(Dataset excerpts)
####################

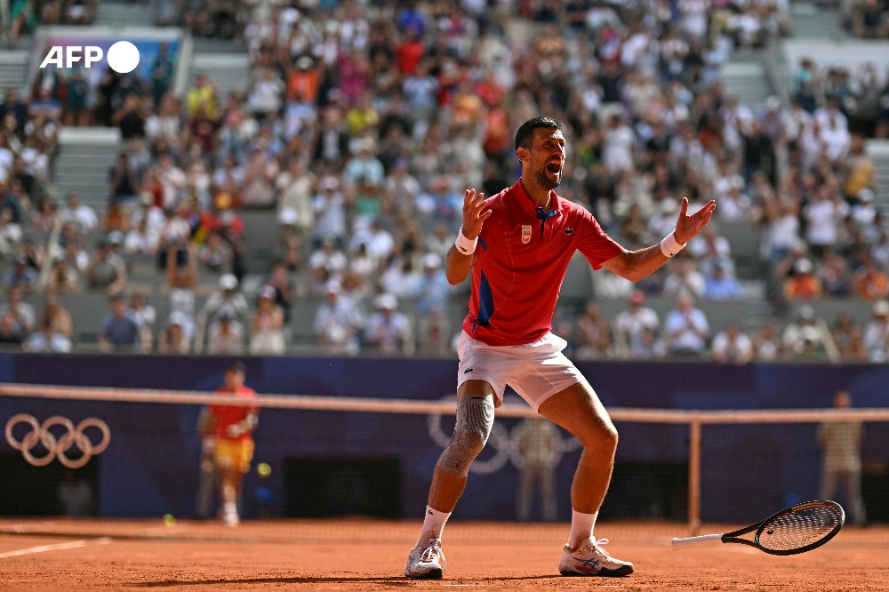 O sérvio Novak Djokovic reage após vencer a final olímpica contra o espanhol Carlos Alcaraz, em Roland Garros. © Patricia de Melo Moreira / AFP
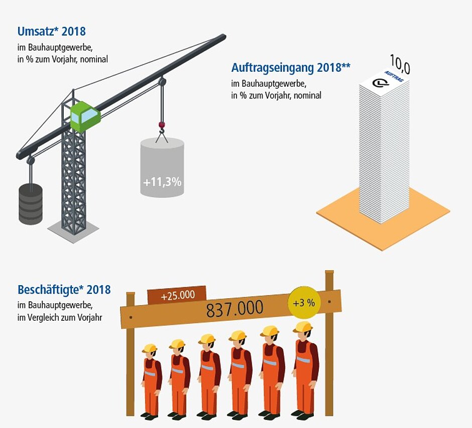 Auch für das laufende Jahr seien die Aussichten vielversprechend – immerhin habe, so Babiel, der Auftragseingang 2018 für Betriebe mit mehr als 20 Beschäftigten um 10 % zugelegt. Für Dezember haben die Baubetriebe (im Vergleich zum Vorjahresmonat) ein weiteres Plus von 10,2 % gemeldet – und das obwohl ihnen zwei Arbeitstage weniger zur Verfügung standen als im Dezember 2017.
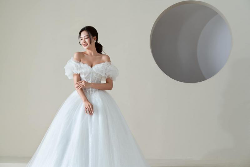 Lựa chọn chất liệu mềm mại, trong trẻo là tulle kết hợp với ren hoạ tiết thêu1 ... See more
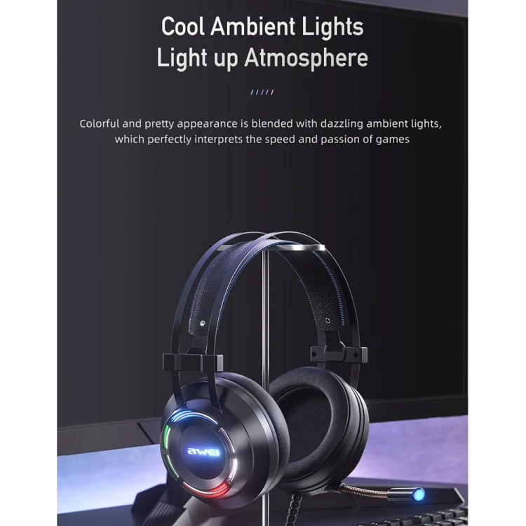 awei GM-2 USB + 3.5mm Ambient Light Gaming Wired Headset with Microphone
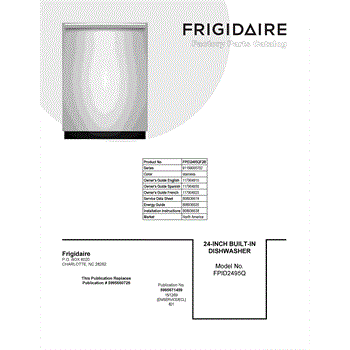 Parts for Frigidaire FPID2495QF2B: 01 - Cover Sheet Parts
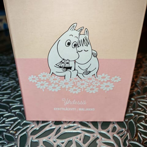 Kolme sinistä lyhtyä erilaisilla Muumi-heijasteilla: PikkuMyy, Muumeja ja Muumeja + Muumien talo. Yhteensä 20 €.
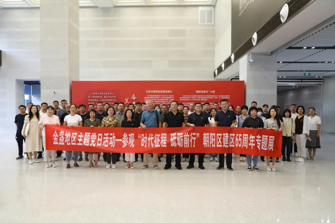 为深入学习贯彻党的二十大精神,进一步深化区情教育,引导党员干部全面认识和了解朝阳区65年来的跨越式发展以及取得的非凡成就,7月10日-7月11日,金盏地区组织全体班子成员,机关科室负责人,各村(社区)正职,乡属企业党政负责人,机关两编人员开展主题党日活动,分别前往朝阳区规划艺术馆、朝阳区档案馆分批参观“礼赞新时代 奋进新征程”发展成就展、“时代征程 砥砺前行—朝阳区建区65周年专题展”。

####################

What the exercise asks: Return every entry word for word, leaving the pictures out.

Answer box:
 O sérvio Novak Djokovic reage após vencer a final olímpica contra o espanhol Carlos Alcaraz, em Roland Garros. © Patricia de Melo Moreira / AFP
 Auch für das laufende Jahr seien die Aussichten vielversprechend – immerhin habe, so Babiel, der Auftragseingang 2018 für Betriebe mit mehr als 20 Beschäftigten um 10 % zugelegt. Für Dezember haben die Baubetriebe (im Vergleich zum Vorjahresmonat) ein weiteres Plus von 10,2 % gemeldet – und das obwohl ihnen zwei Arbeitstage weniger zur Verfügung standen als im Dezember 2017.
 Lựa chọn chất liệu mềm mại, trong trẻo là tulle kết hợp với ren hoạ tiết thêu1 ... See more
 awei GM-2 USB + 3.5mm Ambient Light Gaming Wired Headset with Microphone
 Parts for Frigidaire FPID2495QF2B: 01 - Cover Sheet Parts
 Kolme sinistä lyhtyä erilaisilla Muumi-heijasteilla: PikkuMyy, Muumeja ja Muumeja + Muumien talo. Yhteensä 20 €.
 为深入学习贯彻党的二十大精神,进一步深化区情教育,引导党员干部全面认识和了解朝阳区65年来的跨越式发展以及取得的非凡成就,7月10日-7月11日,金盏地区组织全体班子成员,机关科室负责人,各村(社区)正职,乡属企业党政负责人,机关两编人员开展主题党日活动,分别前往朝阳区规划艺术馆、朝阳区档案馆分批参观“礼赞新时代 奋进新征程”发展成就展、“时代征程 砥砺前行—朝阳区建区65周年专题展”。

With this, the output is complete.